In this notebook we will be showcasing the structure of a generic Python notebook project

In [None]:
import pandas as pd
from matplotlib.pyplot import xkcd

%matplotlib inline


With some common libraries imported above, let's generate some charts as if this is a real project;

For this, we will need to load the data from a file. It is always better if all outside sources are defined in one place in our notebook. This way if we need to run the code against an entirely different set of files we can update the file locations from the same place.

In [None]:
# Location of the CSV for sales data
sales_csv = 'data/sales_data.csv'


Now we can start loading our data in a separate stage.

In [None]:
sales = pd.read_csv(sales_csv, parse_dates=['Date'])
sales.head()

We are keeping the next cell for some code to modify the loaded data if we need to or just play and learn about the dataset ourselves.

In [None]:
# Calculate Revenue_per_Age and total sales cost
sales['Revenue_per_Age'] = sales['Revenue'] / sales['Customer_Age']
sales['Calculated_Cost'] = sales['Order_Quantity'] * sales['Unit_Cost']

# Adjust Unit_Price
sales['Unit_Price'] *= 1.03


sales.corr()
sales['Age_Group'].value_counts()

Finally, let's generate a chart

In [None]:
with xkcd(randomness=2):
    cost_plot = sales['Unit_Cost'].plot(kind='density', figsize=(14, 6))
    cost_plot.axvline(sales['Unit_Cost'].mean(), color='red')
    cost_plot.axvline(sales['Unit_Cost'].median(), color='green')


## Improvements

We can go one step further by creating pure-python methods for functionalities we often use.

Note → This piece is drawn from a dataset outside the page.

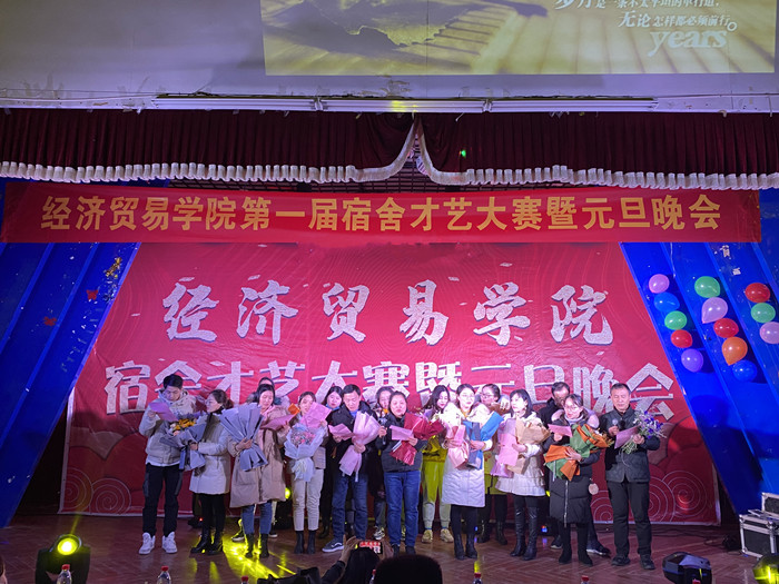 师生同乐辞旧岁,欢歌笑语庆新年。12月29日晚,经济贸易学院第一届宿舍才艺大赛暨元旦晚会在5103教室举行。经济贸易学院党总支书记陶云龙、副书记丁蓉、团总支书记张超及各新生班级辅导员到场观看了晚会,与同学们共迎新年。

Below is an example of ingestion and chart generation being done in a separate Python file. Please note that we copied the logic for reading the file from an earlier cell to a method in `libraries/ingestions.py` file and removed any references to a hardcoded filename to make the code agnostic to specific file locations and names.

`correlation_chart()` method is another example of code reuse. 

In [None]:
from libraries.ingestions import sales_df
from libraries.charts import plotfigure as correlation_chart

# Since the sales_df method returns a DataFrame object,
# the output already comes with  Pandas statistical methods
# like .corr() without importing Pandas separately.
sales_corr = sales_df(sales_csv).corr()

corr_chart = correlation_chart(sales_corr)

## Done!